Racial categories are a country-dependent social construct, and not all countries have such categorizations. Therefore, our analysis focuses on the specific cultural construct of race found in the United States. For the inference of race/ethnic origin, we use the 2010 US Census information on family names and racial groups (56). Racial groups considered in the US Census are the following: 1) Non-Hispanic White Alone (White), 2) Non-Hispanic Black or African American Alone (Black), 3) Non-Hispanic Asian, Native Hawaiian, and Other Pacific Islander Alone (Asian),* 4) Non-Hispanic American Indian and Alaska Native Alone (AIAN), 5) Non-Hispanic two or more races (two or more), and 6) Hispanic or Latino origin (Latinx).† Given that AIAN and two or more account for only 0.69% and 1.76% of WOS authors, respectively, they were removed from the analysis. Census data provides the number of people that identify with each racial group for the 162,253 most common family names. Using family names, we compute each author’s associated probability to each racial group, instead of assigning the most probable group, and using these probabilities to compute weighted aggregates, in which each author contributes to each group’s aggregate as a function of the racial group distribution associated with its family name. This means, for example, that when computing the average citations by race, we assign the citations of an article fractionally to each group according to the corresponding distribution. In other words, we do not assign authors to a unique racial category. In previous work (58), we have shown that, given the overlap of Black and White family names (59, 60), the use of a threshold—filtering those names with a probability for a single group above a threshold and assigning all authors with that name to that single category—underestimates the proportion of Black authors. This distinction is critical: We do not aim to identify each author’s self-perceived racial category but to build aggregates of racial group disparities. For those names that do not appear in the census, we impute the mean distribution in the subset of authors used at each point in the analysis. For a detailed description of the racial inference methods, see ref. 58, SI Appendix), as well as the accompanying website.‡
Fields and subfields are defined according to the journal classification developed for the US NSF (61). Following ref. 62, we used articles’ abstract, title, and keywords to train a latent Dirichlet allocation (LDA) model to infer the topics within a corpus of papers and the distribution of topics within each article. LDA is an unsupervised model that assumes that there is a fixed number of topics within the corpus that correctly describes its content.
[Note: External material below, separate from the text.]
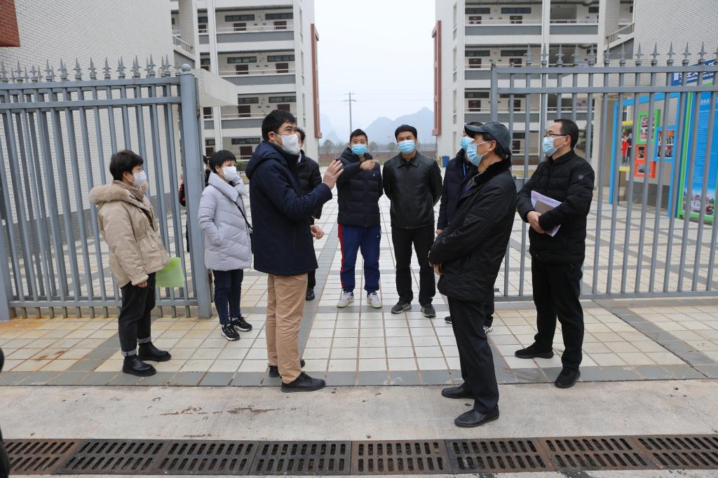 1月27日上午,桂林市新型冠状病毒感染的肺炎疫情防控工作领导小组指挥部学校疫情防控工作组常务副组长、桂林市教育局党组成员刘小松一行4人到best365官网检查指导疫情防控工作。学校副校长罗国湘,党办/校办、宣传部、学工部、保卫处、后勤管理处等部门负责人陪同检查。

Each topic is defined as a distribution over words, and we use the top five words from each topic to infer its semantic content. Given an article’s topic, there are some words that are more likely to repeat than others; LDA provides the list of most repeated words for each topic, and we use those to infer topicality. The objective of this model is to create research topics as detailed as the sampling allows, implying a trade-off between granularity and repetition of topics. LDA models are performed on groups of disciplines to identify topics with an independent meaning (63). Given the sample size in Social Science and Health and the interpretability of results across different experiments, we found the optimal number of topics for our analysis to be 200 for Health and 300 for Social Sciences. Using manual inspection, a higher number of topics in each case led to the repetition of words between topics, while fewer topics led to less detailed results. For a selected group of topics, we defined a single label based on these top words. See SI Appendix for an explanation of the robustness analysis of the LDA model.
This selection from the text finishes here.